I am having a hard time with capacitors and the role they play in circuits. Lets say a circuit has a capacitor with C = 3 microF and a resistor of 3 ohms and a battery with a voltage of 12 V. How would you find the current in the circuit? How does the current flowing through the circuit be affected by the charging of the capacitor? What happens to the current when the capacitor is fully charged? .
Thanks!
Figuring out the current in an RC circuit is likely beyond the scope of the MCAT. For this explanation, I will assume you are talking about a direct current (DC) circuit with the resistor and capacitor
in series. Basically, you always have to refer to Kirchoff's loop rule, which states that if you make a loop in a circuit, the potential drops/gains must sum to zero:
V - IR - Q/C = 0
(remember that the voltage drop across a capacitor is equal to Q/C)
So consider the point when you first connect the battery to the circuit. The charge Q on the capactior is intially zero, so Q/C = 0 and therefore V - IR = 0. So the initial current can simply be calculated by using V = IR. In your example, the current I would be 4 amps.

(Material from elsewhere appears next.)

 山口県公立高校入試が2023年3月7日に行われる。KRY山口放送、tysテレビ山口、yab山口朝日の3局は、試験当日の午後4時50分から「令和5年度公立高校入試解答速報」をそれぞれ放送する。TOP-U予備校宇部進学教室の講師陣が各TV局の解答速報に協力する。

As the current continues to flow, charge will accumulate on the plates. This accumulating charge will repel any other incoming charges. As a result, the current decreases. This can be seen from the loop rule, since as Q increases, Q/C increases. Since V and R are constant, I must decrease!
The current will continue to decrease while the current is flowing. In fact, the current after a very long time will approach zero (though it will never actually reach zero, just become really, really close).
Hopefully this explanation makes sense. If you need a further explanation please let me know!